The goal of large-scale industrial engineering is abundance. The United States will once again achieve self-sufficiency, enabling large-scale, low-cost production. Moving beyond material scarcity is crucial: in the long run, if we do indeed lose a significant portion of white-collar jobs to AI, we must be able to maintain a high quality of life for the public. And as AI drives profit margins to zero, consumer goods will become extremely affordable, automatically fulfilling this objective.
My view is that different sectors of the economy will "take off" at different speeds, and the transformation in almost all areas will be slower than Citrini anticipates. To be clear, I am extremely bullish on AI and foresee a day when my own labor will be obsolete. But this will take time, and time gives us the opportunity to devise sound strategies.

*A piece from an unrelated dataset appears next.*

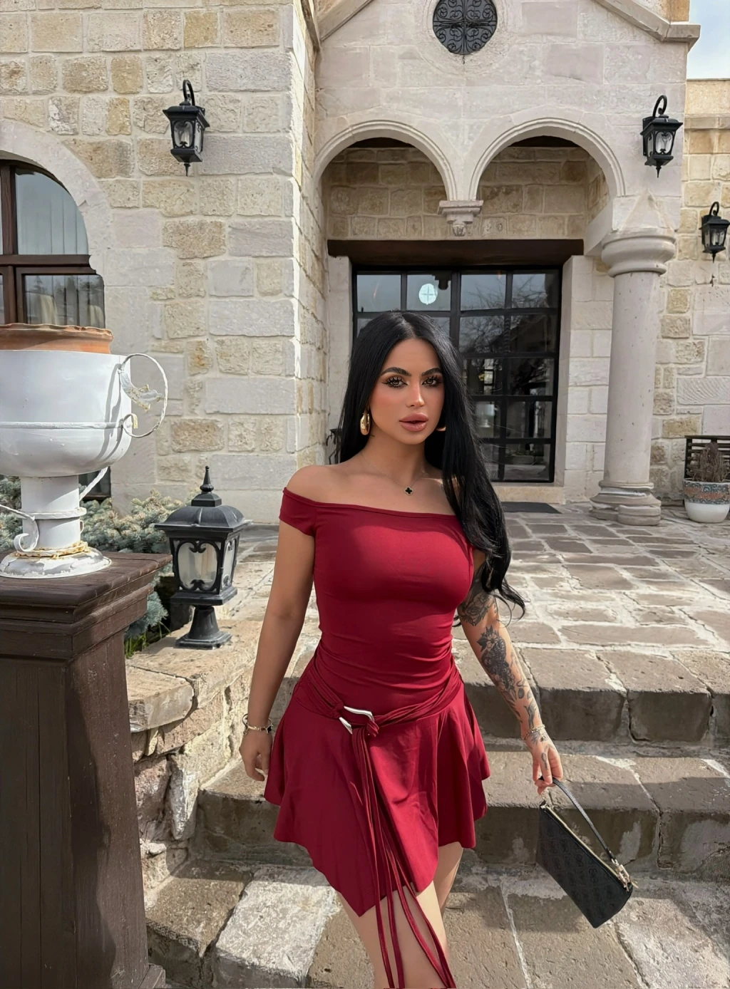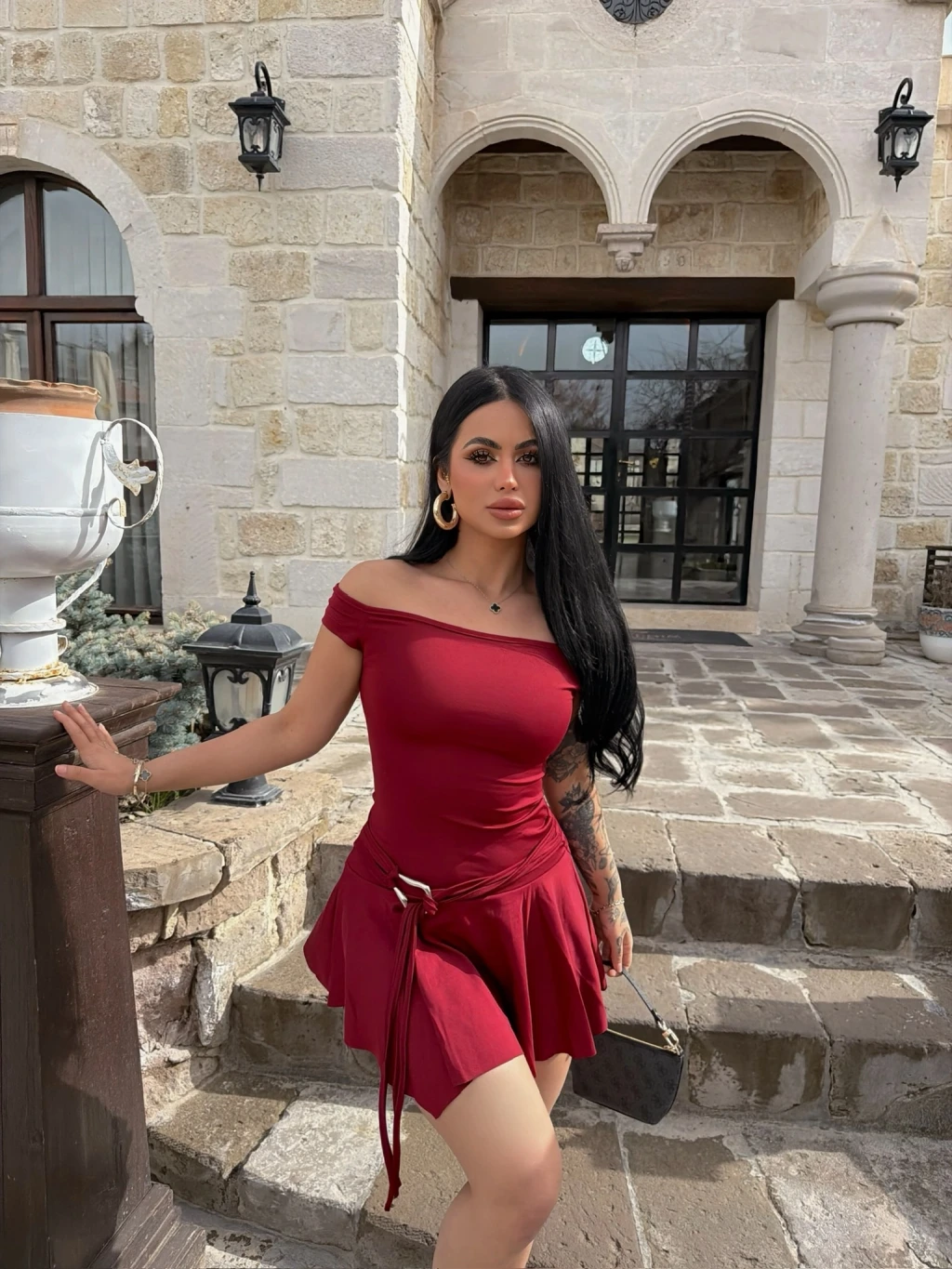 Eğer şıklık ve rahatlığı bir arada arıyorsanız, Kırmızı Butik Eteği Aksesuarlı Straplez Elbise tam da size göre!

At this point, preventing the kind of market collapse Citrini imagines is actually not difficult. The U.S. government's performance during the pandemic has demonstrated its proactive and decisive crisis response. If necessary, massive stimulus policies will quickly intervene. Although I am somewhat displeased by its inefficiency, that is not the focus. The focus is on safeguarding material prosperity in people's lives—a universal well-being that gives legitimacy to a nation and upholds the social contract, rather than stubbornly adhering to past accounting metrics or economic dogma.
If we can maintain sharpness and responsiveness in this slow but sure technological transformation, we will eventually emerge unscathed.